Ever wonder what happens when you click a link? ? How The Internet Works takes you behind the scenes of the digital world, breaking down complex tech into simple, bite-sized insights. From data packets to servers and beyond, discover the magic that powers your online experience! (Hook written with the help of AI, because I can't :D)
Let me explain the physical keyboard actions and the OS interrupts. When you press the "g" key, the browser registers the event, triggering the auto-complete functions. Based on your browser's algorithm and whether you're in regular or private/incognito mode, various suggestions appear in a dropdown beneath the URL bar.
These suggestions are typically prioritized and sorted using factors such as your search history, bookmarks, cookies, and popular internet searches. As you continue typing "google.com," numerous processes run in the background, and the suggestions refine with each keystroke. The browser might even predict "google.com" before you've finished typing.
Browsing Autocomplete Sequences
The "enter" key bottoms out
To establish a starting point, let's consider the Enter key on a keyboard when it reaches the bottom of its travel range. At this moment, an electrical circuit dedicated to the Enter key is closed (either mechanically or capacitively), allowing a small current to flow into the keyboard's logic circuitry. This circuitry scans the state of each key switch, filters out electrical noise from the rapid closure of the switch (debouncing), and translates the action into a keycode—in this case, the integer 13. The keyboard controller then encodes this keycode for transmission to the computer. Today, this is almost always done over a Universal Serial Bus (USB) or Bluetooth connection, though older systems used PS/2 or ADB.

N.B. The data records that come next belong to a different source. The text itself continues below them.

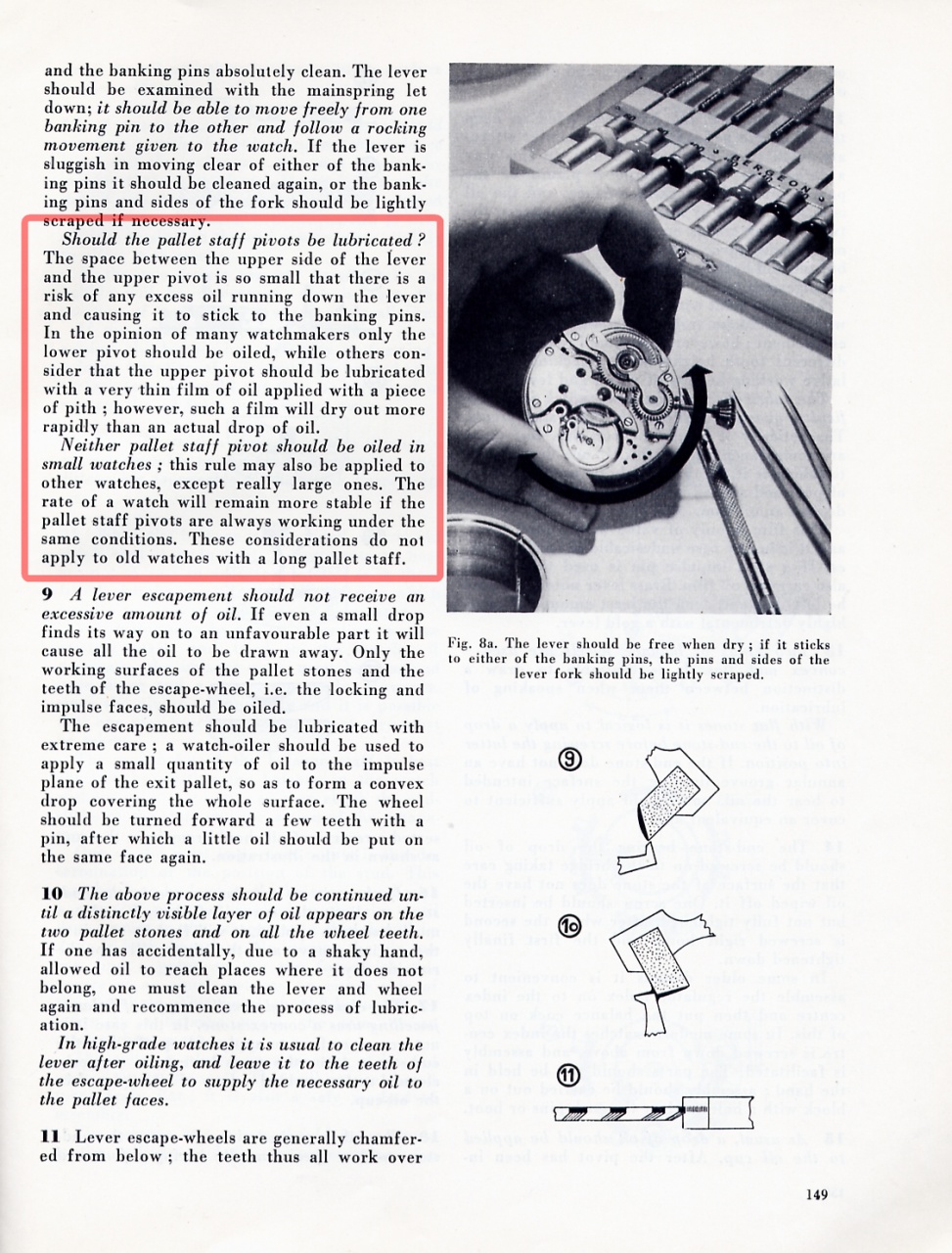 Henry B. Fried также советует смазывать, нижнюю цапфу обязательно, верхнюю только очень слегка. Вопрос является частично спорным в очень маленьких калибров, поэтому нам надо следовать рекомендациям производителя, если таковые есть.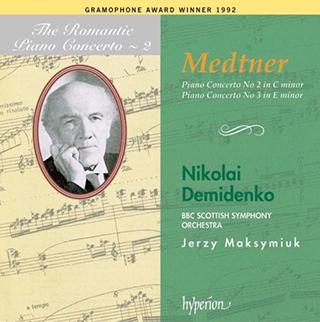 另一更值得推薦的唱片亦由俄羅斯鋼琴家主奏,曾於二零零六年訪問澳門的德米丹柯(Nikolai Demidenko 1955-)彈奏了梅特納的第二及第三號協奏曲,並由Jerzy Maksymiuk指揮BBC Scottish Symphony Orchestra協奏。德米丹柯擅長俄羅斯作品,他的演繹可說是力量與詩意的結合,節奏控制灑脫自如,觸鍵敏銳而感性,琴音在靈巧中顯露一股蒼勁,特具男性化豪邁魅力,也還原了俄羅斯特定時期音樂所獨有的質感。此片曾獲留聲機唱片大獎。(上)◇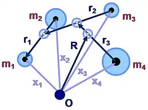 四体问题一个可能的雅可比坐標系。r1, r2, r3为雅可比坐标,R为质心。[2]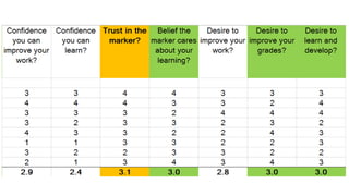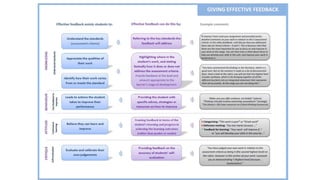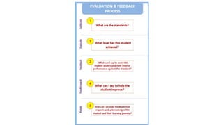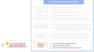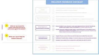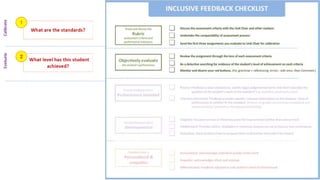 This document outlines an inclusive feedback project at HEPP ICCB that aims to improve feedback practices. It involved researching feedback assumptions and student perspectives on feedback purposes. An inclusive feedback model was developed and piloted with audio and video feedback in selected units. Staff and student feedback was positive about the benefits of alternative feedback formats in providing clarity and focus. Next steps include enhancing rubrics, developing a community of practice around feedback design, improving assessment alignment, and increasing student autonomy through self and peer feedback practices. The goal is to help students better self-monitor and regulate learning independently through feedback.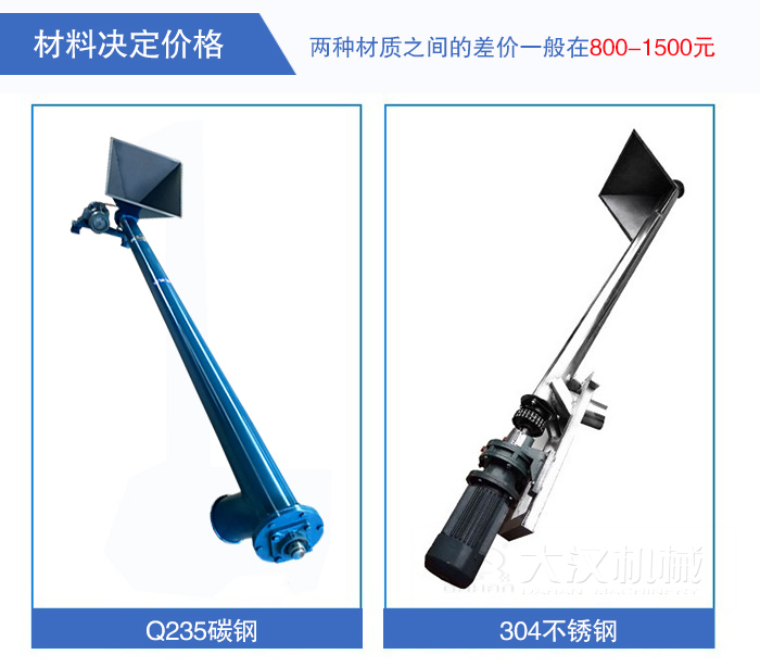 螺旋輸送機殼體有Q235碳鋼,304不銹鋼,這兩個之間的差價一般在800-1500元。另外,選擇不同配件價格也會不同,舉例來說,采用普通電機的輸送機價格比防爆電機的輸送機價格便宜,所以用戶在選擇時需要結合自身情況。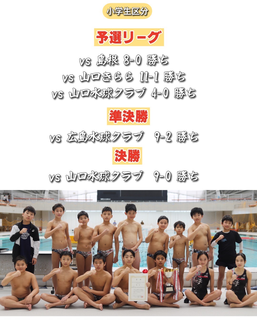 1月31日・2月1日に山口きらら博記念公園水泳プールで開催された水球第48回JOC中国予選で見事、小学生チームが優勝🏆しました‼️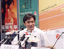 從影十九年的香港影星梁朝偉被選為二十五屆香港國際電影節(jié)的焦點演員,十日與新聞界會面。中新社傳真 張淑琴 攝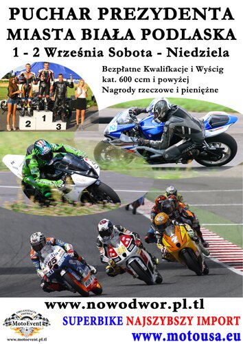Będzie to DWUDNIOWA IMPREZA 1-2 Września na Torze Superbike Biała Podlaska ul. łomaska 96!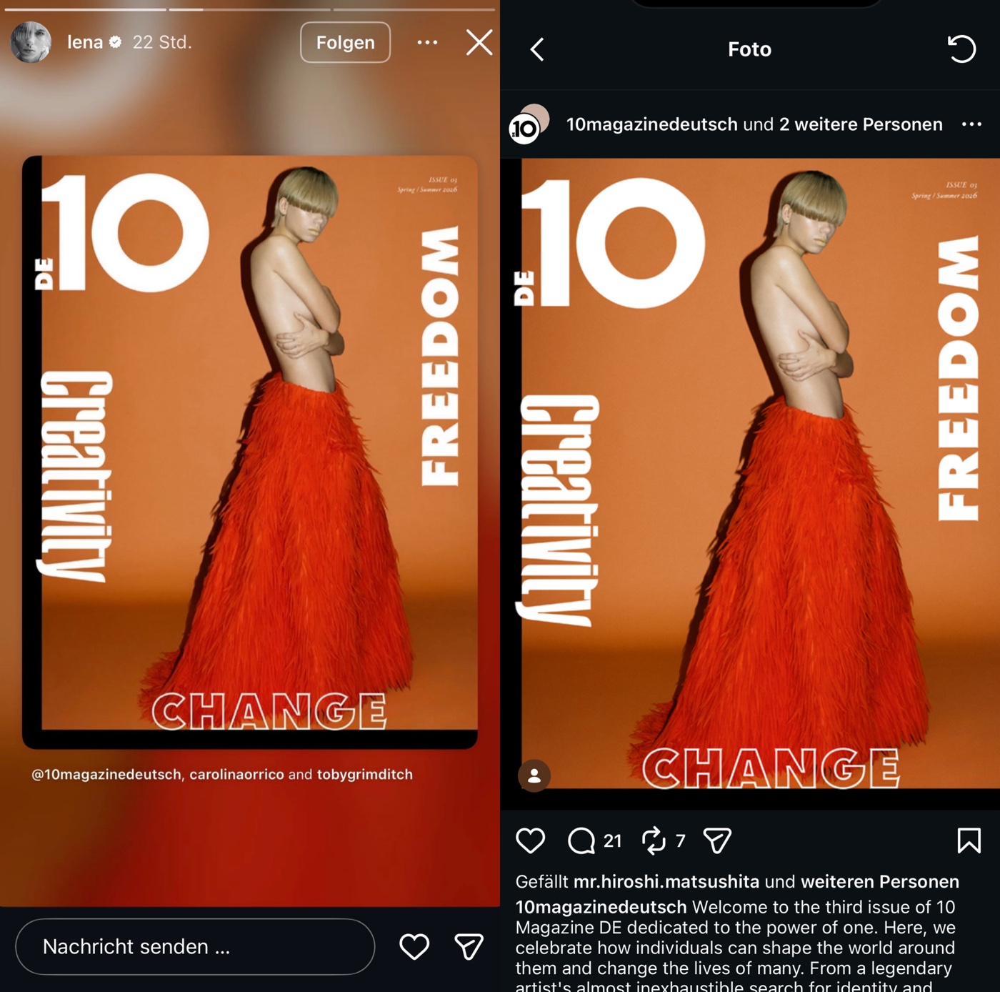 Samstag! Schauen wir doch mal was Lena´s neuste Kooperation … mit x-fachen Story Shoutouts, Feed Postings und Absetzen von Schein-Engagement nun eigentlich der Deutschen Niederlassung des Modemagazins effektiv eingebracht hat … also an neuen Followern, also an potenziellen neuen Käufern. Seit Donnerstag hat das Magazin noch 5 (!) weitere Postings abgesetzt, welche mit allen Beteiligten da und dem 1 Million Follower Hauptaccount des Magazins geteilt wurden. Es sind 21! 21 bei 21 Millionen Followern Reichweite … muhaha! Das Posting auf Lena´s Account floppt erwartungsgemäß bodenlos … ihre Freunde kommentieren fleißig, damit es bei den zum Glück ausgeblendeten Likes nicht ganz so schäbig aussieht.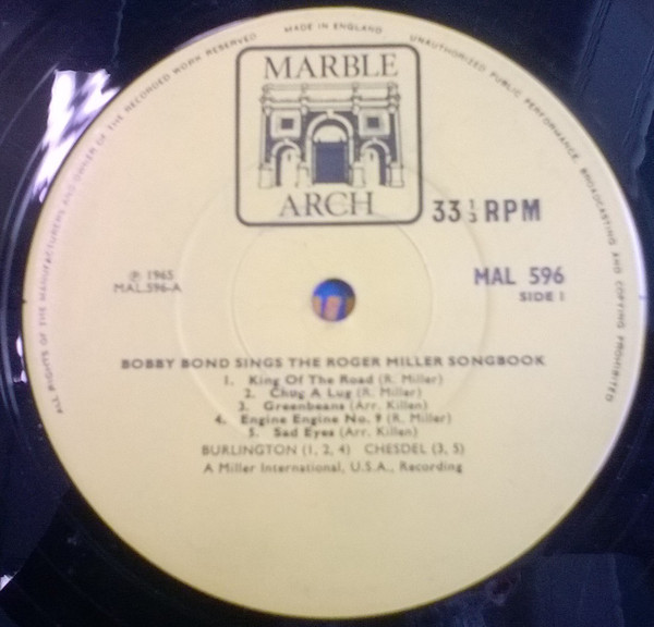 Bobby Bond – Bobby Bond Sings The Roger Miller Songbook (LP, Album, Mono)

In the case of a USB keyboard:
In the case of a virtual keyboard (such as on touch screen devices):
For non-USB keyboards, such as those using legacy connections (e.g., PS/2), the keyboard signals an interrupt via its interrupt request line (IRQ). This IRQ is mapped to an interrupt vector (an integer) by the system's interrupt controller. The CPU consults the Interrupt Descriptor Table (IDT), which links each interrupt vector to a corresponding function known as an interrupt handler, supplied by the operating system’s kernel.
When the interrupt is triggered, the CPU uses the interrupt vector to index into the IDT and execute the appropriate interrupt handler. This process causes the CPU to transition into kernel mode, allowing the operating system to manage the keypress event.
When the Enter key is pressed, the Human Interface Device (HID) transport passes the key down event to the KBDHID.sys driver, which converts the HID usage data into a scan code. In this case, the scan code is VK_RETURN (0x0D), representing the Enter key. The KBDHID.sys driver then communicates with the KBDCLASS.sys driver (the keyboard class driver), which securely manages all keyboard input. Before proceeding, the signal may pass through any third-party keyboard filters installed on the system, though this also happens in kernel mode.
Next, Win32K.sys comes into play, determining which window is currently active by invoking the GetForegroundWindow() API. This function retrieves the window handle (hWnd) of the active application, such as the browser’s address bar. At this point, the Windows "message pump" calls SendMessage(hWnd, WM_KEYDOWN, VK_RETURN, lParam). The lParam parameter contains a bitmask that provides additional information about the keypress, including:
The SendMessage API queues the message for the specific window handle. Later, the system’s main message processing function (known as WindowProc) assigned to the window (hWnd) retrieves and processes messages in the queue.
The active window in this case is an edit control, and its WindowProc function has a message handler that responds to WM_KEYDOWN events. The handler checks the third parameter (wParam) passed by SendMessage, recognizes that the value is VK_RETURN, and thus determines that the user has pressed the Enter key. This triggers the appropriate response for the application.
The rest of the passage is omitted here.